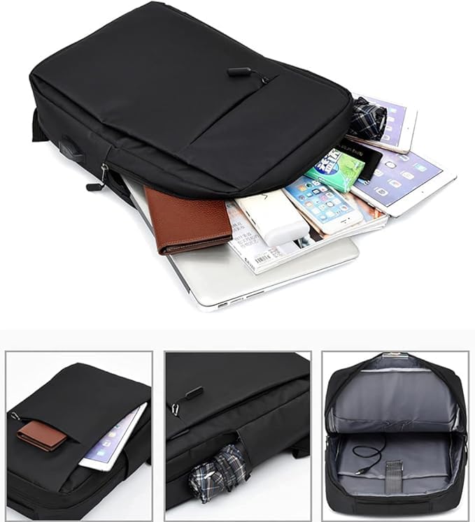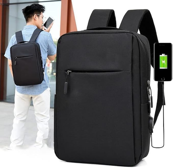 Generic - شنطة ظهر لابتوب عملية مضادة للماء بسعة كبيرة – شنطة متعددة الجيوب لحماية الكمبيوتر حتى 15.6 انش مع منفذ USB خارجي – تصميم خفيف للطلاب والموظفين والسفر والتنقل اليومي لوان اسود
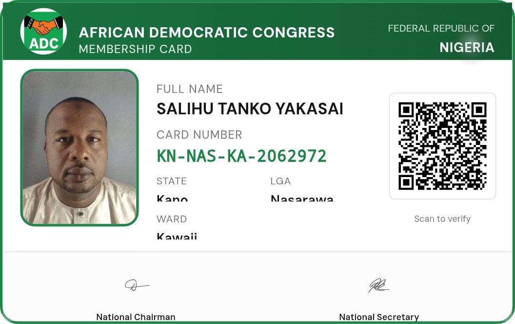 Yakasai announced his decision on Monday, stating that he has registered with the ADC and obtained his membership card.
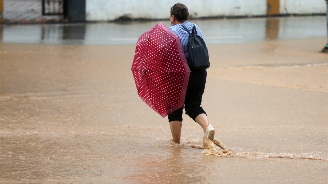 Ekipler, evinin bahçesi ve içi sağanak nedeniyle sular altında bulunan Döndü B`yi dışarı çıkardı.
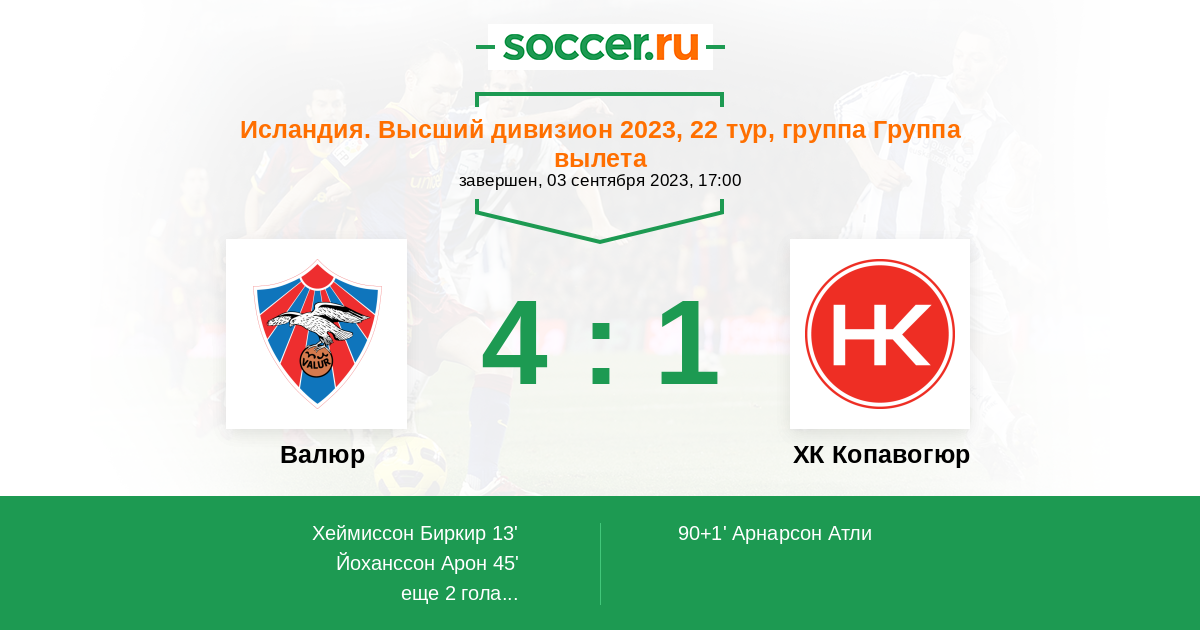 90+1' (4:1) Арнарсон Атли (18)

### Task goal
Could you give the listing above again word for word, without any pictures?

### Task response
 Generic - شنطة ظهر لابتوب عملية مضادة للماء بسعة كبيرة – شنطة متعددة الجيوب لحماية الكمبيوتر حتى 15.6 انش مع منفذ USB خارجي – تصميم خفيف للطلاب والموظفين والسفر والتنقل اليومي لوان اسود
 Yakasai announced his decision on Monday, stating that he has registered with the ADC and obtained his membership card.
 Ekipler, evinin bahçesi ve içi sağanak nedeniyle sular altında bulunan Döndü B`yi dışarı çıkardı.
 90+1' (4:1) Арнарсон Атли (18)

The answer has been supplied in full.